Though widely dismissed two decades ago as shallow, commercial multiplex fodder, Hughes' films are now viewed as coming-of-age classics by Gen Xers who grew up relating to the Reagan-era teen misfits in "Sixteen Candles," "The Breakfast Club," "Pretty in Pink" and "Some Kind of Wonderful."
Hughes' adolescent angst oeuvre is the subject of a fascinating new book, "Don't You Forget About Me: Contemporary Writers on the Films of John Hughes," edited by Jaime Clarke and with a forward by Ally Sheedy, who starred as the neurotic Allison in 1985's "The Breakfast Club" (here's a clip of the film's trailer).
For the most part, the essays are subjective, as the writers recall how as teenagers they related to certain characters in Hughes' films.

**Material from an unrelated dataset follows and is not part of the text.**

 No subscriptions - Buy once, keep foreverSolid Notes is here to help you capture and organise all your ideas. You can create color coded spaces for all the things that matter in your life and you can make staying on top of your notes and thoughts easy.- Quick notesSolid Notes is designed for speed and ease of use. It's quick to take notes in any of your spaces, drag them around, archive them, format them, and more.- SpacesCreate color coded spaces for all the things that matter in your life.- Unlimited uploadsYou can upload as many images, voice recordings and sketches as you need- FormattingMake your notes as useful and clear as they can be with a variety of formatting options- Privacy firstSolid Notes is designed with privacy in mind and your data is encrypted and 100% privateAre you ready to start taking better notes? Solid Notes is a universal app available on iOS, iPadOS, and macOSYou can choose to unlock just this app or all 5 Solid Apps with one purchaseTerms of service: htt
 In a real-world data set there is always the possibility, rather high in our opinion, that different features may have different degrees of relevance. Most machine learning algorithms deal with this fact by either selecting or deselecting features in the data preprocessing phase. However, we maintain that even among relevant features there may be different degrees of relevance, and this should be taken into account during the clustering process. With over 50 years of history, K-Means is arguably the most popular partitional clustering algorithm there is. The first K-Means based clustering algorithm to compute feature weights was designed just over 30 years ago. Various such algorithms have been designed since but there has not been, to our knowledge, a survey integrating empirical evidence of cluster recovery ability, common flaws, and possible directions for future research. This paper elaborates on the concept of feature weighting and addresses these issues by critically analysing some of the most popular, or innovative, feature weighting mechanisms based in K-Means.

Molly Ringwald as Samantha in "Sixteen Candles" (1984) or as Andie in "Pretty in Pink" (1986) are the most common, along with Matthew Broderick in the title role of "Ferris Bueller's Day Off" (1986). (Here's a clip of Ben Stein calling roll as Bueller's teacher.)

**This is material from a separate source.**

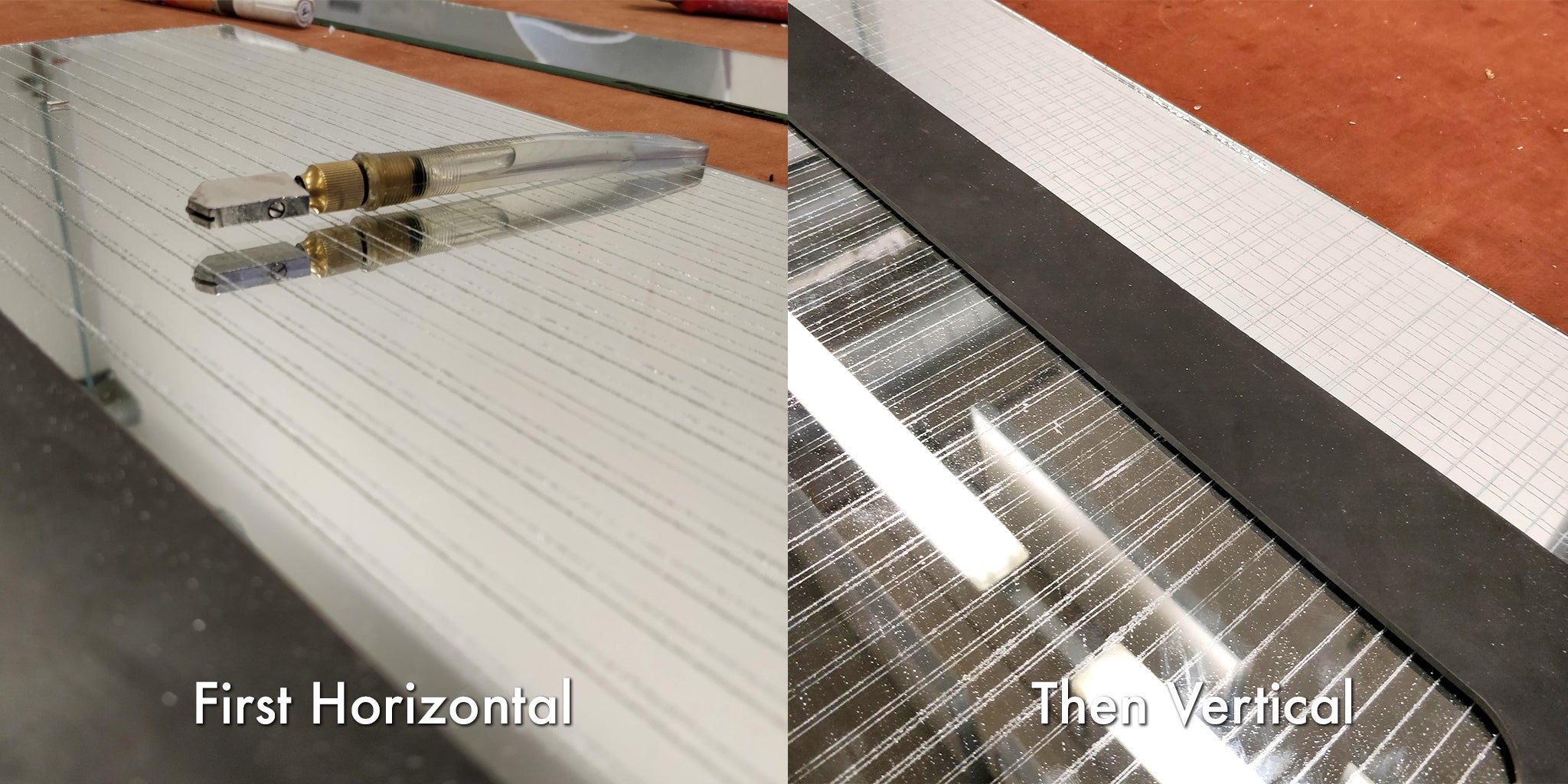 After marking the glass, use the glass cutter to cut straight lines with the help of a square.

The self-revelatory first-person approach to the films has its drawbacks, but the book does convey the power of movies to shape teenagers' self-perception, as the writers explain how these films taught them to navigate through the social storms of high school life.

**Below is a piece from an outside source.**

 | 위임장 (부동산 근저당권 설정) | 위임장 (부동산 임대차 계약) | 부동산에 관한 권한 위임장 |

Perhaps the most interesting account is from Moon Unit Zappa. Daughter of the late rock guitar genius Frank Zappa, she gained fame as a slang-talking teenager on her father's hit single "Valley Girl."
Moon describes how, growing up in a hippie/alternative environment in Malibu, she pined for the blandly "normal" existence of Hughes' middle-class teens (most of his films were set in the prosperous northside Chicago suburbs where Hughes himself came of age).
For years, even as she socialized with some of the most famous young stars of the '80s -- Molly Ringwald dated Moon's brother Dweezil Zappa -- Moon harbored an unrequited crush on Michael Schoeffling, who played hunky Jake in "Sixteen Candles."
More than anything else, this new book reminds us why Hughes' teen films remain enduringly popular, even now that those '80s hairstyles, fashions and pop songs are so hopelessly outdated. Hughes demonstrated an ability to create human-scale sagas filled with characters we recognize -- including ourselves.